Recorded data>
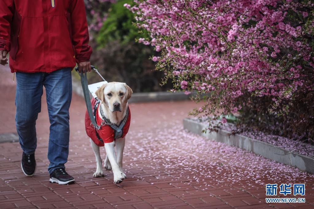 4月22日,中国导盲犬大连培训基地的训导员付明岩对在训犬“沐沐”进行训练。新华社记者 潘昱龙 摄
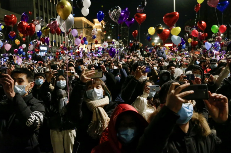 В Китайском Ухане отпраздновали Новый 2021 год массовыми гуляниями, но все жители на улице были в масках, передает Tengrinews.kz со ссылкой на Reuters.
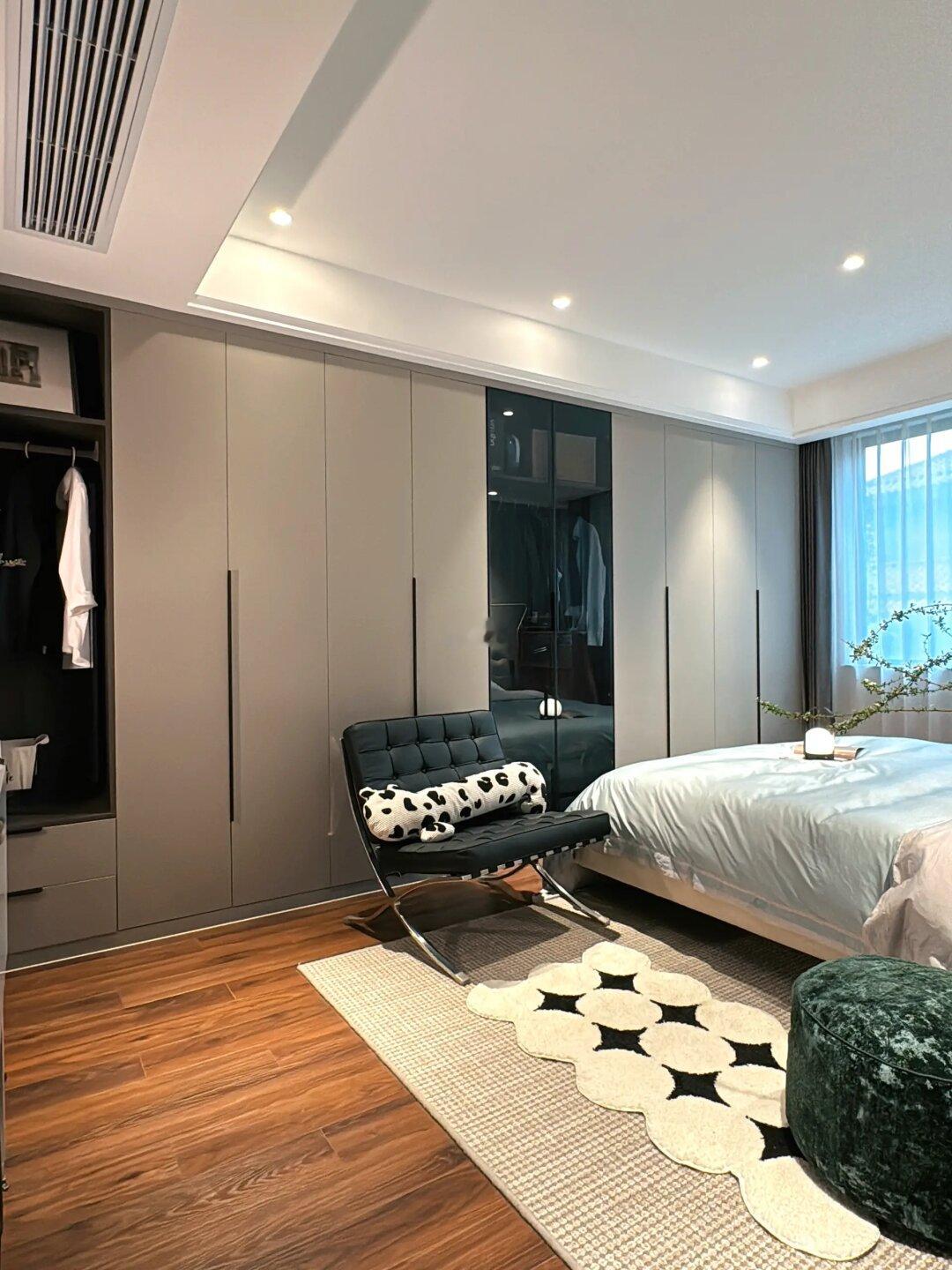 ✍️满墙衣柜要考虑床尾到衣柜距离,通常60以上比较舒适也不影响开门

Exercise> Set the whole listing down again unchanged, apart from the pictures, which are omitted.

Result for this exercise>
 4月22日,中国导盲犬大连培训基地的训导员付明岩对在训犬“沐沐”进行训练。新华社记者 潘昱龙 摄
 В Китайском Ухане отпраздновали Новый 2021 год массовыми гуляниями, но все жители на улице были в масках, передает Tengrinews.kz со ссылкой на Reuters.
 ✍️满墙衣柜要考虑床尾到衣柜距离,通常60以上比较舒适也不影响开门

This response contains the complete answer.